16 Kasım 2009 Pazartesi

Yasak ask ve düsün


"...bir omzuna almış sanki gökyüzünü
dudakları masmavi alsace lorrain
yüzü cermenlerin en eski hüznü
höderlin bakıyor sisli gözlerinden
ellerini şöyle okşayacak oldum
duydum nabzının gök gürültüsünü..."günlerden bir milattan önce yüz bin, kral peleus ile deniz nymphe'si thetis'in düğünü var imiş. lakin tanrılar, eris'i (türkçesi geçimsizlik) davet etmezler (ya da unuturlar bilmiyoruz). ama geçimsizlik gene de gelir bu düğüne, üzerinde en güzele yazan bir adet altın elma ile ellerinde. elmayı ortaya atar, ama sahibini söylemez. elmanın güzelliğini gören hera, athena ve * afrodit bu elma üzerinde hak iddia ederler (evet athena gibi bilgelikten sorumlu tanrıçanın böyle sığ işlerle uğraşması cv'sinde kara bir leke olarak kalacaktır).
zeus, ölümlülerin en yakışıklısı, kral priamos'un elli oğlundan birisi olan truvalı paris'i hakem tayin eder.
derhal hermes, babasının sürülerine bakmak için ida dağına sürgüne gönderilmiş paris'e bu mesajı ulaştırır. paris niye mi sürgünde : babası priamos zamanında rüyasında oğlunun, sitesinin yıkımına sebep olacağını görmüş, o yüzden göndermiş bu geni daşlara bayırlara.

Iste ask hali, bu gence tercihinde yardımcı olması için, çeşitli güzellikler önermiş tanrıçalar:
hera : asya imparatorluğunu
athena : bilgeliği ve savaşlarda zafer kazanmayı
afrodit ise ölümlülerin en güzelini, zeus ile leda'nın kızı, sparta kralı menelaos'un karısı helena'nın aşkını sunar.

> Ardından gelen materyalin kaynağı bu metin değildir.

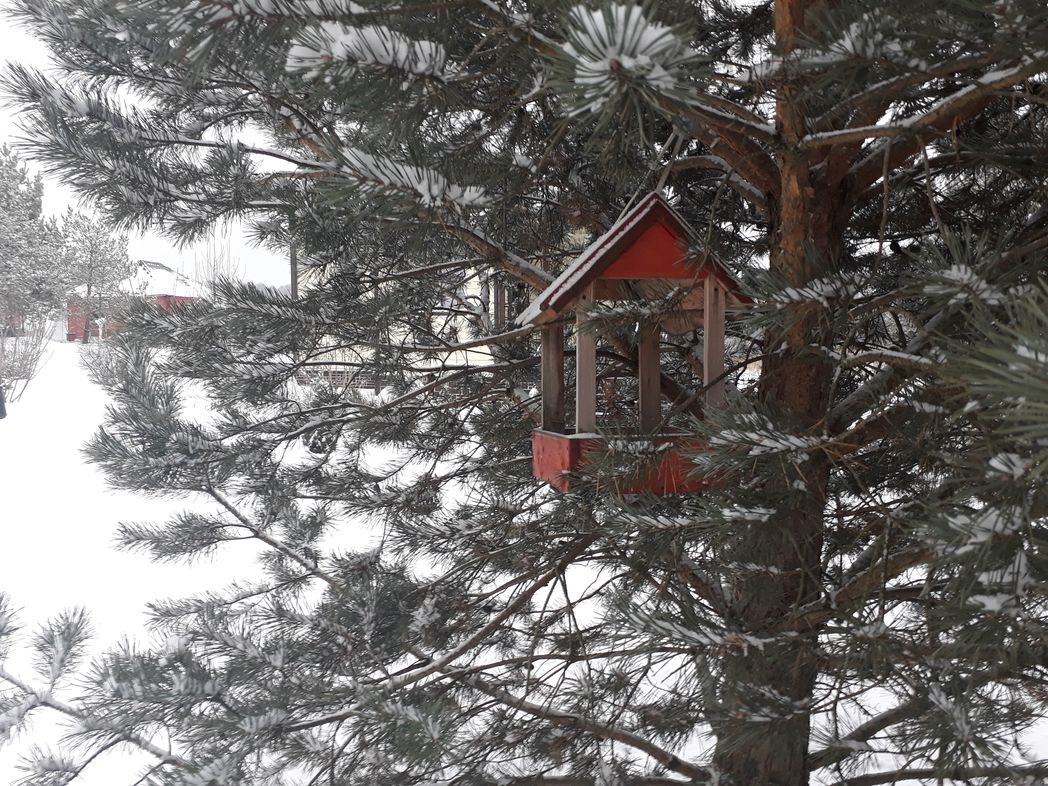 На подворье тихо, все идет своим чередом. Падает снег.

Büyük ihtimalle dağlarda ask hali,dogayla başbaşa seneler geçirdiğinden dolayı, paris isimli bu dalyan gibi delikanlı, afrodit'in önerisini kabul eder. Triremesine atladığı gibi sparta'ya yola koyulur. sparta'ya vardığında menelaos onu konukseverlikle karşılar, ancak acil bir memleket meselesi için girit'e gitmesi gerekmektedir. döndüğünde paris'in, karısı helena'yı götürdüğünü ancak farketmiş, iş işten geçmiştir...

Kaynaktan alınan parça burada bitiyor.